1929: “The St. Valentine’s Day Massacre” - Seven members and associates of Chicago's North Side Gang are gunned down in a hail of bullets resembling a firing squad. Al Capone is widely believed to have ordered the hit but is never officially tied to the killings.

Also on this day:

  • 1876: Inventors Alexander Graham Bell and Elisha Gray apply separately for patents related to the telephone. (The U.S. Supreme Court eventually rules Bell the rightful inventor.)
  • 1913: Labor leader Jimmy Hoffa is born in Brazil, Ind.
  • 1920: The League of Women Voters is founded by Carrie Chapman Catt in Chicago during the convention of the National American Woman Suffrage Association.
  • 1931: The original "Dracula" film starring Bela Lugosi is released.
  • 1948: NASCAR holds its first race for modified stock cars on a 3.2 mile-course at Daytona Beach, Fla.
  • 1954: Sen.
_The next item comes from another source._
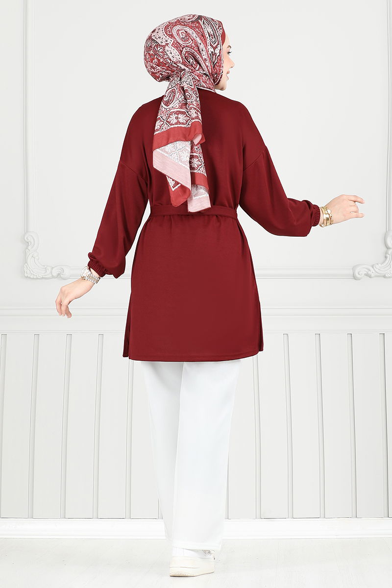 Product Feature : It is a new season hijab fashion product. It has a belt that can be fastened from the side. The product has a Cycling collar. Unlined. Belt is sewn to the product. Buttons are accessories. The waist of the trousers is elastic. The cuff is rubberized. There may be a tonal difference in the product due to concept photo shoots.
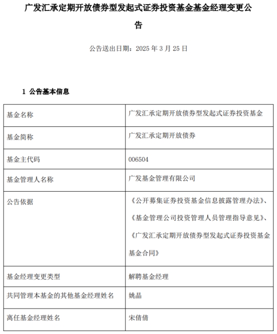 中国经济网北京3月25日讯 今日,广发基金管理有限公司公告称,宋倩倩离任广发汇承定期开放债券(006504)。

John F. Kennedy, D-Mass., appears on "Meet the Press" for the first time.
  • 1962: First Lady Jacqueline Kennedy gives a tour of the White House shown on television which 3 out of 4 Americans watch.
  • 1967: Aretha Franklin records her cover of Otis Redding’s “Respect” at Atlantic Records in New York City.
  • 1984: Great Britain's Jayne Torvill and Christopher Dean win the Olympic ice skating championship with the free dance performance of Ravel's "Bolero."
  • 1989: Ayatollah Ruhollah Khomeini, the first Supreme Leader of Iran, issues a death sentence on British writer Salman Rushdie for his authorship of the book "Satanic Verses."
  • 2005:  A terrorist bomb in West Beirut kills nine, including former Lebanese Prime Minister Rafik Hariri, in an apparent assassination.
  • 2013: Oscar Pistorius, who had recently competed in both the Olympics and Paralympics as a runner, is arrested over the shooting death of his model/actress girlfriend Reeva Steenkamp. (He is currently serving a 13-year prison term for culpable homicide.)
  • 2014: A federal judge in Virginia overturned the state's ban on gay marriage. This decision marks the first time that a gay marriage ban had been overturned in a Southern state.
  • 2018: A gunman identified as a former student opened fire with a semi-automatic rifle at Marjory Stoneman Douglas High School near Fort Lauderdale, Fla., killing 17 people in the nation’s deadliest school shooting since the attack in Newtown, Connecticut, more than five years earlier.
  • 2019: William Barr is sworn in for his second stint as U.S. attorney general.